Below, we address all the questions raised by the reviewers, including additional baseline evaluations and clarifications as requested. For Reviewer wUmo’s convenience, we have included additional plots and results in the updated PDF.
Continuation of Answer to Reviewer HDdi:
Q: Have you considered evaluating WATT on real-world datasets with more complex domain shifts?
A: Thank you for this remark suggesting that a better explanation of the datasets should be added to our supplementary materials. In our investigation, we use the VisDA-C dataset, which challenges models with two distinct domain shifts: the simulated shift and the video shift. The simulated shift includes 152,397 3D-rendered images across 12 diverse classes, while the video shift comprises 72,372 YouTube video frames spanning the same categories. This dataset addresses the diversity of imagery types applicable to a model, posing a significant challenge.

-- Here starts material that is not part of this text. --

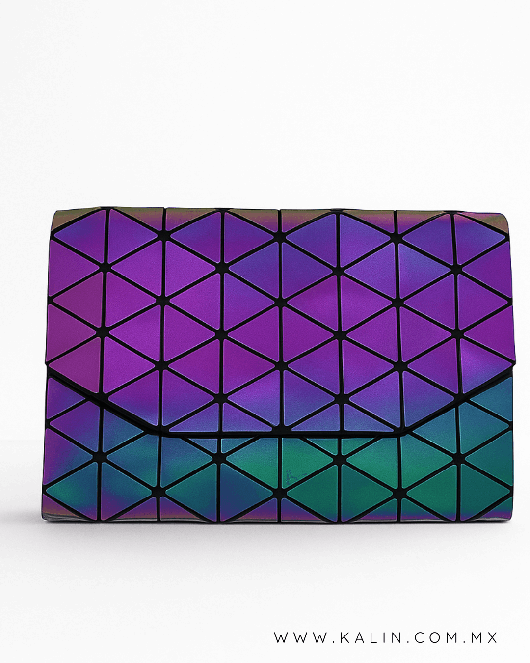 • Crossbody Bao Bao Tipo Sobre Diseño efecto tornasol Material: sintético Dimensiones: 27 cm largo x 12 alto Otra información: Cadena adicional.

Moreover, we evaluate our proposed method on three other datasets: PACS, VLCS, and OfficeHome. These datasets help understand various domain shifts, including texture and style variations. The PACS dataset consists of 9,991 images across four domains (Art, Cartoons, Photos, Sketches) and seven classes. The VLCS dataset contains 10,729 images across four domains (Caltech101, LabelMe, SUN09, VOC2007) and five classes. Lastly, the OfficeHome dataset includes 15,588 images across four domains (Art, Clipart, Product, Real) and 65 classes. Evaluating across these distinct domain shifts showcases the generalizability of our method. These datasets are more representative of real-world scenarios compared to CIFAR, with complex domain shifts.
The paper proposes "Weight Average Test Time Adaptation" (WATT) for VLMs like CLIP, aimed at enhancing their ability to handle domain shifts during inference without retraining. The method leverages multiple text prompt templates to adapt model weights at test time and aggregates predictions using weight averaging to improve performance across datasets with domain shifts, such as CIFAR and VisDA. The results show notable improvements in robustness and generalization without the need for model modifications or additional training.
The paper is technically solid and presents a practical approach to improving VLMs under domain shifts without retraining. Despite the limited novelty, the experimental results demonstrate benefits in terms of robustness and generalization, making it a valuable contribution to the test-time adaptation field. While there are some concerns about the breadth of evaluation and computational aspects, the overall impact on the VLMs and TTA subfield justifies its acceptance.